Project Sidewalk web page
http://projectsidewalk.org
MIT License
84 stars 24 forks source link

Uniform login across cities #1381

Open jonfroehlich opened 5 years ago

jonfroehlich commented 5 years ago

would be nice to have:

Essentially, to the user, everything should look unified even if the backend is modularized and split.

jonfroehlich commented 5 years ago

This is now really important since we have links on each deployment city that links to each other city and when you do switch cities you have to register a new account (which is very strange)

misaugstad commented 5 years ago

Yeah this is one of those large projects we could assign to a talented undergrad.

andrew4699 commented 5 years ago

A simple solution that avoids the mess of making a proper distributed system is to just modify the code for sign in/admin panel so that they connect to all city databases and query all of them.
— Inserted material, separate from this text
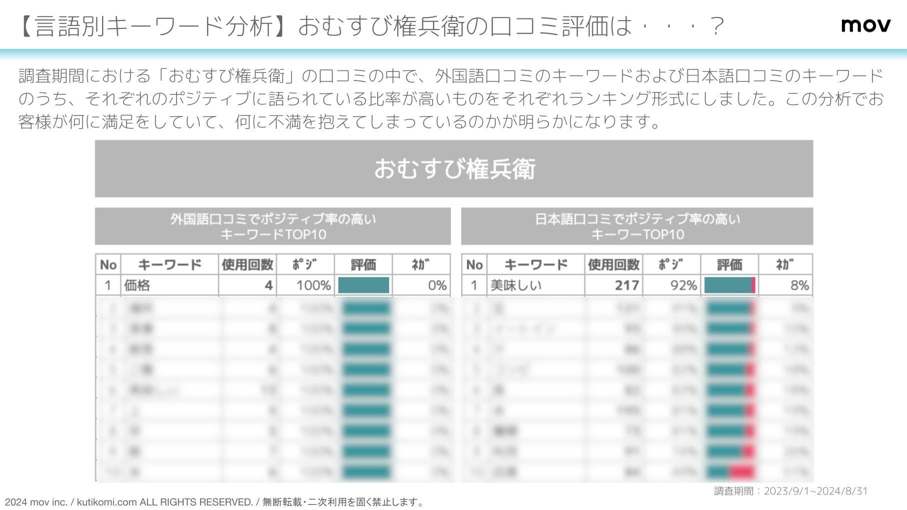 ■【言語別キーワード分析】おむすび権兵衛の口コミ評価は・・・?

This also has the added benefit of letting us keep our current infrastructure, keeping it easy to deploy different versions of the site to different cities, and keeping inter-city data physically independent.

Another solution that I like less is to have a single database that all cities use. For the tables that need to, add a city column to keep track of the city the user is auditing (although as I'm writing this I'm realizing that we may not even need to keep track of that because things like pano IDs should contain that information). This would sting more as time goes on because this single database will grow too big and/or our throughput will be too large to handle it.

tongning commented 5 years ago

Just gonna toss in my two cents here, I like the solution 1 idea of having each server utilize the other servers to authenticate. While I'm not super familiar with modern authentication mechanisms, I think this might be a good place to utilize JSON Web Tokens (JWT). If my understanding of JWT is correct, it lets us store user details (e.g. username, email address, logged-in status) in a cookie on the client side, but with an added signature from the server so that the user cannot tamper with it. If we use the same signing key across all sites, then I think every site will be able to read/verify a JWT cookie set by any of the others. This would let us avoid having to set up cross-site database access.

The JWT idea was briefly brought up #1347, but I think it might be very relevant to this issue as well.

misaugstad commented 5 years ago

I think the first solution sounds decent... And I don't think that checking all other servers for authentication would take too much time..? Some things that we should keep in mind while implementing:

  1. We need to make sure that if one server goes down, it doesn't prevent all the others from authenticating?
  2. What do we do about usernames or email addresses that currently have an account on multiple servers right now?
  3. Lots of data that we record in the database has to be tied to a user_id... So I think they have to be tied to some credentials in their own database.

Building off that last point, what if instead of checking all the servers for credentials when someone logs in, we just create an account with the same credentials on every server when someone signs up?

andrew4699 commented 5 years ago
  1. What do we do about usernames or email addresses that currently have an account on multiple servers right now?

I imagine the number of people with duplicates isn't that high if you exclude the Sidewalk team.

We could do this in 2 steps where in step 1 we prevent people from making duplicates across the servers and send people with current duplicates an email with instructions on changing their email/username, and in step 2 we change the email/username of some duplicate users and give them instructions to recover their account.

  1. Lots of data that we record in the database has to be tied to a user_id... So I think they have to be tied to some credentials in their own database.

Building off that last point, what if instead of checking all the servers for credentials when someone logs in, we just create an account with the same credentials on every server when someone signs up?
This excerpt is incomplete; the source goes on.